Barış Akademisyenleri’nin yayınladığı “Bu suça ortak olmayacağız” başlıklı bildirinin altına hem Türkiyeli hem de yabancı 2 binin üzerinde akademisyen imzasını atmıştı.
Bu bildiri, Güneydoğu Anadolu Bölgesi’ndeki sokağa çıkma yasakları ve operasyonlar sırasında yaşanan insan hakları ihlaline verdikleri bir tepkiydi.
Bunun sonucunda ya yargılandılar ya da işlerinden oldular.
Heval Bozbay da Barış Akademisyenleri’nden biriydi.
Arkeolojik kazıya katılmak için imzasını geri çekmesine rağmen işten atıldı.
Hayatını sürdürebilmek için bakkal açmaya karar vermiş.
Kütüphane gibi biri. Her bilgiye değer veriyor. Adalet duygusu gelişmiş, merhametli.
Varoluşu o kadar iyi anlamış ve çözmüş ki bunun verdiği hafiflikle ne yaşamış olursa olsun mutlu ve umutlu.
Köyün çocukları dilleri dönmediği için ona “Helva Abi” diyor.
Heval’in bakkalı Nevşehir’in Avanos ilçesine bağlı Çavuşin Köyü’nde.
Nikeforus Fokas Kilisesi’nin (Çavuşin Kilisesi) tam karşısı.

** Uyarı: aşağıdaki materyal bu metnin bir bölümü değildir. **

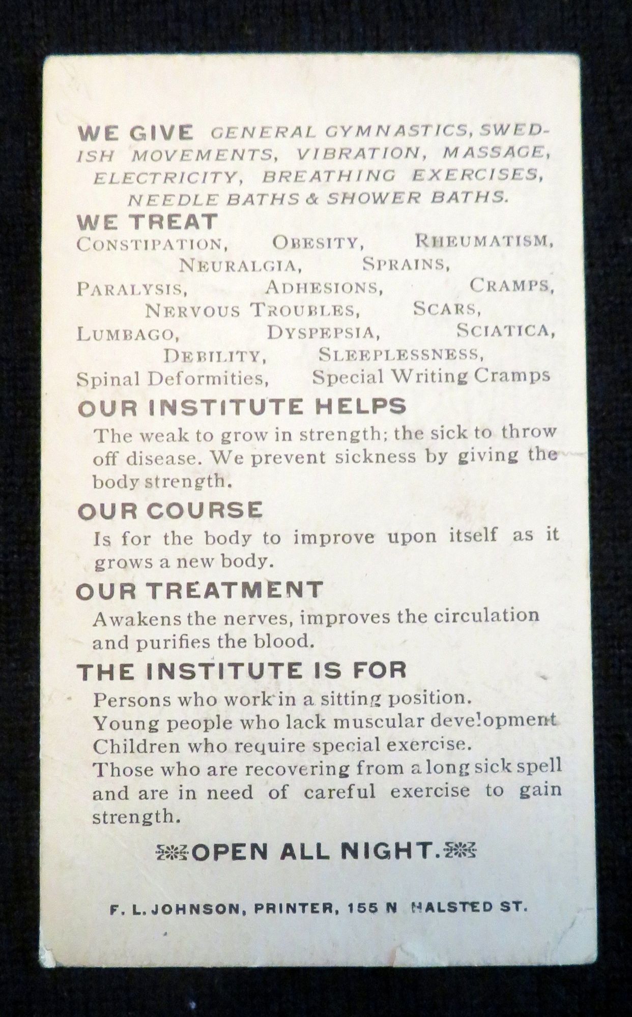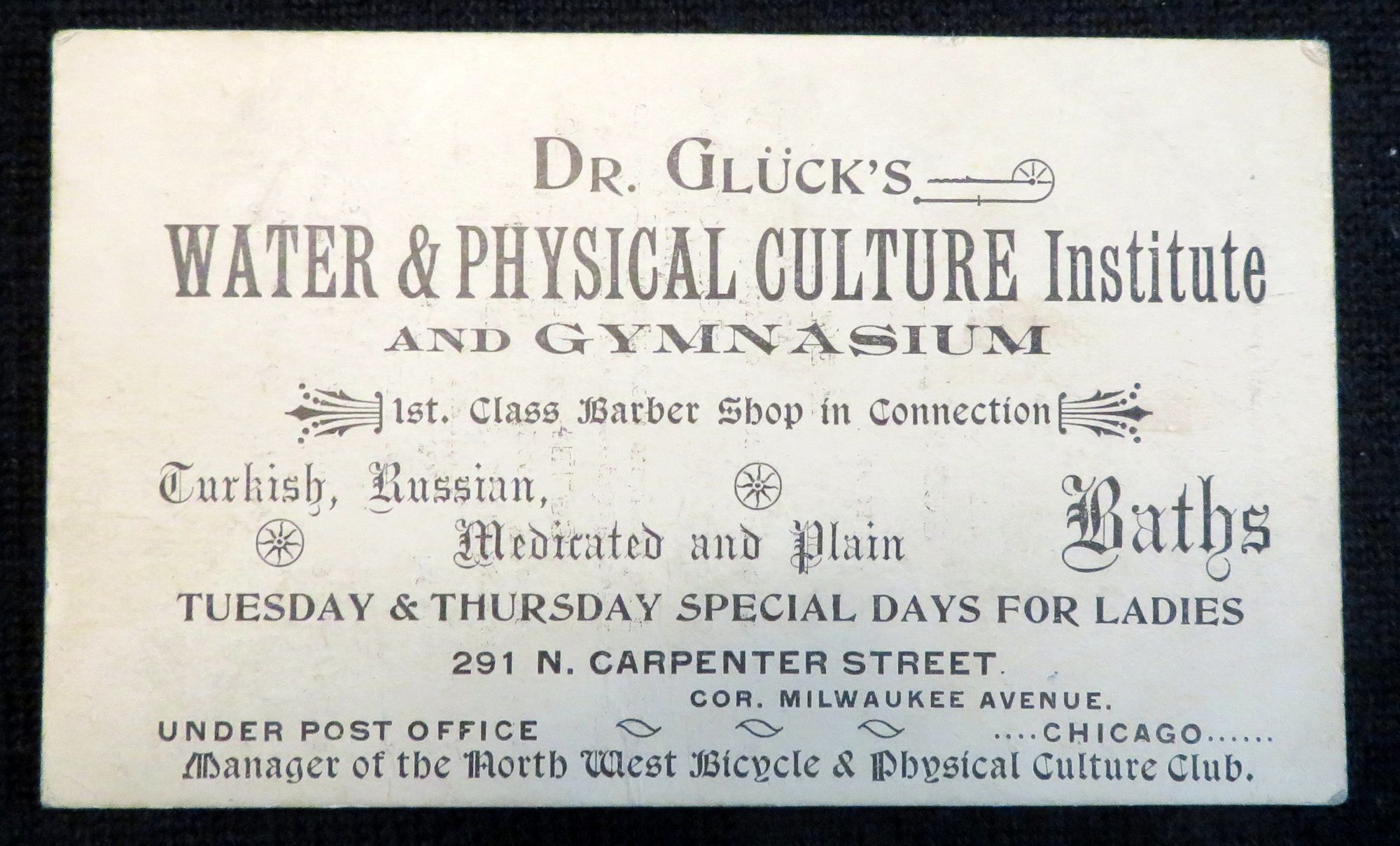 Chicago, IL: Dr. Gluck's Water & Physical Culture Institute and Gymnasium, 1920. General wear and soiling.. A promotional card for Dr. Gluck's Water & Physical Culture Institute and Gymnasium which provided medicated and plain baths to its patrons. Located in Chicago, the institute promoted itself as place that helps "the weak to grow in strength; the sick to throw off disease. We prevent sickness by giving the body strength." It provided a variety of treatments such as Turkish and Russian baths, general gymnastics, Swedish movements, vibration, massage, electricity, breathing exercises, needle baths and shower baths. These treatments supposedly would help to treat: constipation, obesity, rheumatism, neuralgia, sprains, paralysis, adhesions, cramps, nervous troubles, scars, lumbago, dyspepsia, sciatica, debility, sleeplessness, spinal deformities, and special writing cramps. The card also states that the institute is for "persons who work in a sitting position, young people who lack muscular development, children who require special exercise, those who are recovering from a long sick spell and are in need of careful exercise to gain strength." The institute was open all night and even had a barber shop. Double sided card. Measures 4 1/2" x 2 1/2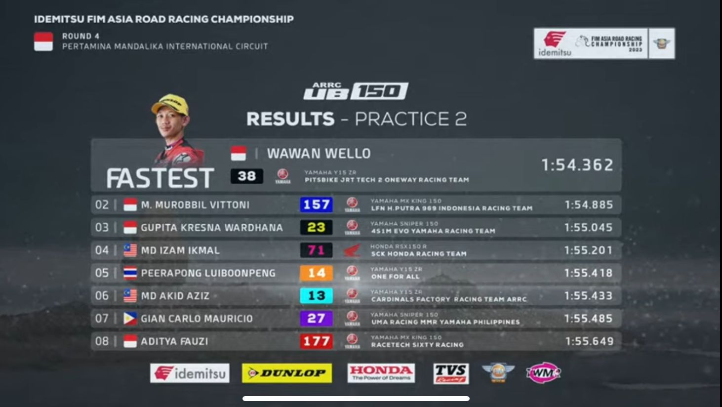 Wahyu Aji, yang memperkuat tim Racetech Sixty Racing menunjukkan performa gemilangnya di sesi Free Practice pertama. Sementara itu, Wawan Wello, yang juga berlaga untuk tim Pitsbike JRT tampil mengesankan dalam sesi Free Practice kedua. Dengan keahlian mengendara yang tak kalah memukau, Wawan mampu menunjukkan performa terbaiknya di sesi latihan bebas 2. Catatan waktu putarannya yang sangat kompetitif menempatkannya di posisi puncak, memberinya keunggulan sebagai pembalap terdepan pada sesi tersebut.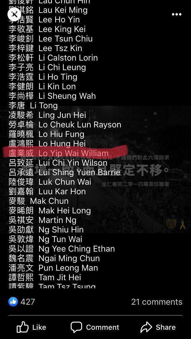 據昔日同學指出,佢係2014年曾參與當時中學聯署,譴責警察係雨傘革命中使用過份武力。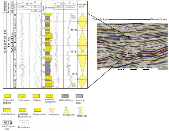The top (Es3z2+3) and bottom (Es3z8) boundaries of the sandstone groups are regional unconformities and other sandstone groups are bounded in a conformable manner within these boundaries [18]. Sharp lithological contact like truncation of sandstone that underlies the mudstone was kept as a marker bed for the correlation of sandstone groups. Sedimentary facies within each sandstone group was analyzed and correlated within a sequence stratigraphic framework, and the top sand groups act as datum plane, however in order to show the actual steepness profile in correlation, we did not flatten it. Five sandstone groups or units in the third order sequence experienced progradation, retrogradation–progradation, and retrogradation stacking patterns (Figure 2). The Es3z8 sandstone group has a half cycle, in which progradation or a fine to coarsening upward sequence is observed (Figure 2). The complete cycle of retrogradation (coarsening to fining upward sequence) to progradation para sequences (fine to coarsening upward sequence) are interpreted in the Es3z6+7, Es3z5 sand groups, whereas the Es3z4 sandstone group is separated by maximum transgression surface and the Es3z2+3 sand group contains progradation to retrogradations para sequences (Figure 2). Sandstones, mudstones, and siltstones or argillaceous siltstones are found in alternating patterns in reservoir zones (Figure 2).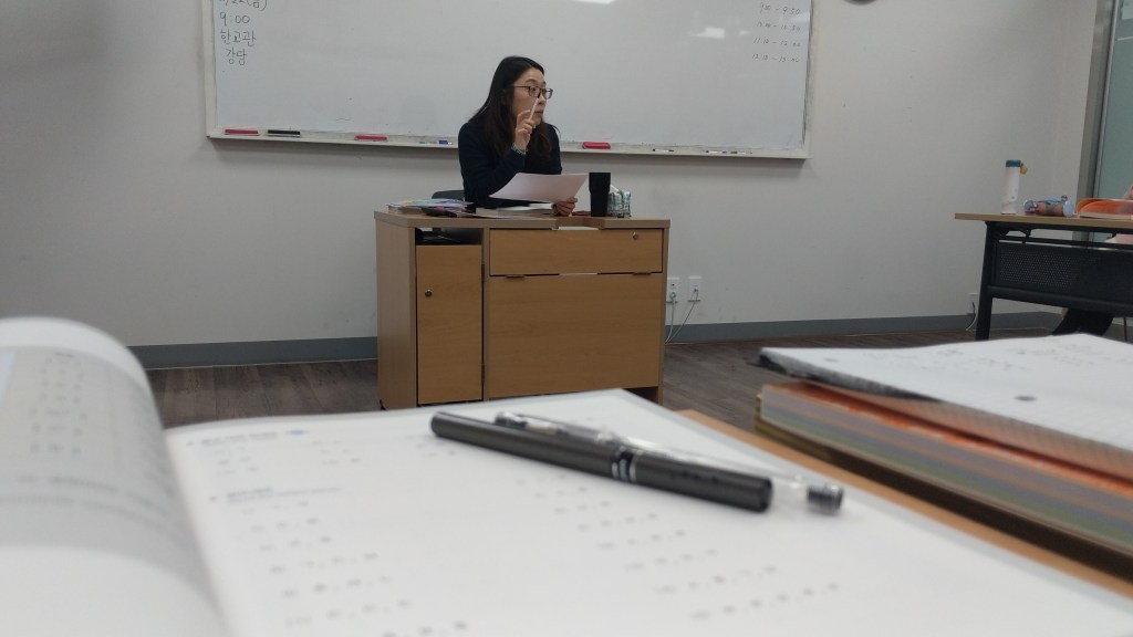 sitting in class, day 1 – my sansaengnim (teaching)

Yolunuz düşerse mutlaka uğrayın.
Bulacağınız en büyük şey artık çok da rastlanmayan dostluk, misafirperverlik ve hoşgörü olacak.
Önce nakil, sonra ihraç
Heval’in hikayesi ne?
Lisans ve yüksek lisansımı İstanbul Üniversitesi’nde Arkeoloji üzerine tamamladım. Dokuz Eylül Üniversitesi’nde öğretim görevlisi olarak çalışıyordum. İmzayı attıktan sonra Nevşehir Hacı Bektaş Veli Üniversitesi’ne gönderildim. En son yayınlanan [25 Ağustos 2017] Kanun Hükmündeki Kararname (KHK) ile de işten çıkarıldım. Şimdi de bakkal işletiyorum.
Nasıl bir ailede doğdunuz?
1977 yılında İran sınırına yakın Van, Başkale’nin Yolmaçayır köyünde doğdum. Geleneksel bir Kürt ailesinin dört çocuğundan en büyüğüyüm.
Ben altı yaşındayken Van’a göçmüşüz. Van’da büyümeme rağmen köy yaşantısı hep daha ilgi çekici gelmişti.
“En zengin açık hava laboratuvarlarından biri”
Türkiye’de arkeoloji adına aradığınızı bulabildiniz mi?
Arkeoloji ekonomik olarak desteklenen bir alan değil. 2002’den bu yana ne kadar destek verdiklerine dair mutlaka istatistikler gösterirler.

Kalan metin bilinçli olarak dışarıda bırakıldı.